# Standard Deviation of Averages

1. May 13, 2013

### SamBam77

I am measuring the thickness of many identically prepared objects. In order to obtain the most accurate value, I measure each object multiple times, in different locations, and average these values to get the average thickness of that object, along with the standard deviation. But I am really interested in the thickness of the average object prepared with this technique. So I produce many objects in the same way and, using the same instrument, measure each object’s average thickness.

At this point, I have a set of averages:
Object_1: µ_1 ± σ_1
Object_2: µ_2 ± σ_2

Object_i: µ_i ± σ_i
Where µ_i and σ_i are the average thickness and standard deviation of the ith object.

How would I go about computing the overall average thickness, and its standard deviation, from these data?

To find the overall average, I know it should be:
µ_overall = (N_1 * µ_1 + N_2 * µ_2 + … + N_i * µ_i) / (N_1 + N_2 + … + N_i)
and if each sample’s average is computed using the same number of measurements, this simplifies to just the average of the averages,
µ_overall = (µ_1 + µ_2 + … + µ_i) / i

But what about the standard deviations? I am not sure.
Does it have to do something with sum of the squares of the individual standard deviations (variances)?

And a related concept question that I am not clear on in my mind at this point:
Let’s say that the measurements performed on each object, individually, have a very narrow standard deviation, but the average that results from each object’s measurement vary greatly between objects.
The resulting overall standard deviation must be large, right?
1. The problem statement, all variables and given/known data

2. Relevant equations

3. The attempt at a solution

2. May 14, 2013

### haruspex

Why not just treat all measurements as one big dataset and take the standard deviation of that?

3. May 15, 2013

### SamBam77

Is that statistically valid? I am not sure.

I was hoping for a solution that would make use of the averages and deviations that I already calculated.

4. May 15, 2013

### haruspex

Knowing the number of samples in each dataset, and the average and s.d. of each dataset, you can recover the sum and sum of squares of each. Thus you can compute the sum and sum of squares of the entire collection.

5. May 16, 2013

### Ray Vickson

I think your notation leaves out some important distinctions: in models of this type we typically have parameters $\mu$ and $\sigma$ that are unknown. We typically estimate these by using a sample mean $m = \bar{x}$ and a sample standard deviation $s = \sqrt{s^2}$, where we often use a so-called unbiased estimator $s^2$ of $\sigma^2$. (This will give a slightly biased estimate of $\sigma$ itself, but nobody worries much about that, as getting unbiased estimates of $\sigma$ is a really difficult problem.) So, in your problem, are the $\mu_i$ and $\sigma_i$ truly the unknown, unobservable parameters, or did you really mean $m_i$ and $s_i$?

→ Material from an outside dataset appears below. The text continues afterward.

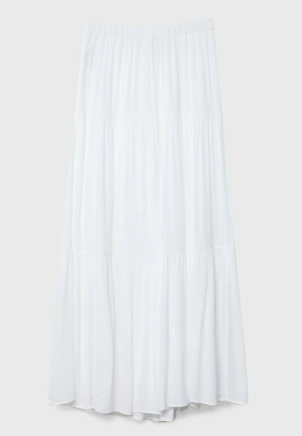Однотонная юбка макси из вискозы с нижней юбкой и эластичным поясом. Посадка стандартная.

How you treat the data depends on what you want to do. If you really think there can be significant differences between the objects (that is, different underlying $\mu_i$) then combining all the data into a single vs. aggregating the different $s_i^2$ values somehow can yield very different results. In fact, if all the $\sigma_i$ are equal to some common $\sigma$ (but, of course, the $s_i$ are different because of random fluctuations), then you are dealing with the types of questions involved in ANOVA (Analysis of Variance)----which looks at differences in means by examining variance). If the two types of variance calculations give very different results, you can take that a signal that the $\mu_i$ are not all the same.

So, for example, if your different $i$ correspond to items produced on the same machine but at different times of the day, or different days of the week, or under different weather conditions, then you are looking to see if there are time-of-day or day-of-week or weather-related effects. (Many types of industrial process are affected quite a bit by such factors.) Or, in a quality-control scenario, you may be trying to ascertain if a process has drifted out of control, etc.

There seem to be few on-line sources of notes and explanations about ANOVA (although there are lots of on-line calculators, etc.), so looking in a book may still be your best bet. However, I did find one somewhat useful page: http://en.wikipedia.org/wiki/One-way_analysis_of_variance . The other Wiki article on ANOVA leaves a lot to the imagination.